ここで、ボトルネックが移ります。モデルに道具を与えて実行能力を高めるだけなら、共通の仕組みとして広げられます。しかし、顧客固有の判断、担当者、例外、優先順位は、単純な一回のプロンプトやAPI入力にまとめにくい情報です。従業員が日々の仕事の中で使っている会社固有の文脈を見つけるには、FDEが現場に入り、業務が実際にどう動くかを理解する必要があります。したがって話者は、「AIに何をさせるか」より前に、「その会社がどのように仕事をしているかを知ること」が次の制約になると論じます。

図1 「The Next Bottleneck」のタイトルスライド。 画面には「The Next Bottleneck」と「AI Forward Deployed Engineering」が表示され、上部にはVarick Agentsの名前も見えます。このスライドは、講演がFDEにおける次の制約を扱うという全体の枠組みを示しています。該当箇所は動画の00:57です。

この問題意識は、単なる題名や宣伝文句ではありません。顧客ごとの理解を人だけで増やそうとすれば、深い仕事ほど人員の制約を受けます。後の議論では、FDEの仕事を支援するエージェントと、顧客の既存システムの上でエージェントを動かすプラットフォームが、この制約への対応として提案されます。目的は、人との対話や顧客理解をなくすことではなく、深い理解に必要な人の時間を、実行可能な範囲で広げることです。

注意: 冒頭の話者名と会社名は、文字起こしの中で表記が一定していません。そのため、ここで紹介した「実行がほぼ完璧」「知能が主な制約ではない」という内容は、独立して確認された事実ではなく、話者の立場として扱います。

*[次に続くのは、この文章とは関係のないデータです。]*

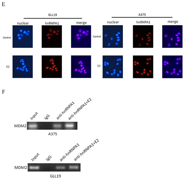 We next investigated the effects of estradiol on the expression and cellular function of hnRNPA1 and MDM2. 10×10-13M estradiol induced the expression of hnRNPA1 at mRNA (Figure 1C) and protein level (Figure 1D) in Hacat, GLL19 and A375 cell lines. In the meanwhile, MDM2 (Figure 1C, 1D) were negatively regulated after the treatment of estradiol. For GLL19 and A375 cell lines, the staining for hnRNPA1 were significantly elevated in the estradiol-treated cells in comparison with control cells (Figure 1E). But there was no change about the location of hnRNPA1. These results suggested that estradiol, which influenced the MDM2 expression in skin cancer cells, elevated the expression of splicing factor hnRNPA1 but did not alter its location.
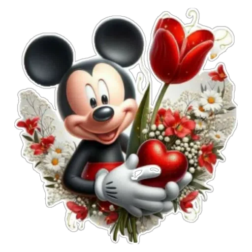 Mickey Mouse sorri com um coração vermelho na mão, rodeado de flores vermelhas, brancas e verdes.
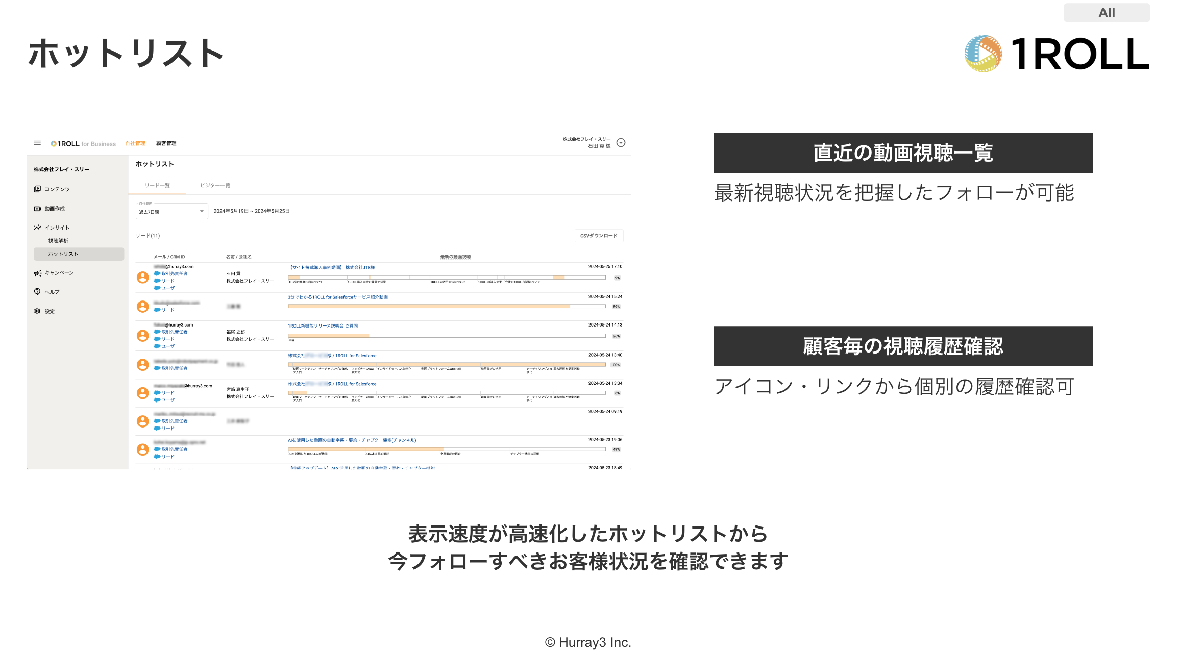 動画視聴履歴も一覧で表示されるようになりまして 顧客がどのようなコンテンツに興味を持っているか一早く把握できるようになっています。

要点は、AIが仕事を実行できるようになるほど、会社ごとの業務を理解し、AIに合う形へ変える仕事の重要性が増すということです。FDEはその顧客固有の文脈を見つける役割を担います。そして、顧客数を増やすときの本当の課題は、作業を一回実行する能力だけでなく、顧客を十分に深く理解する能力をどう広げるかにあります。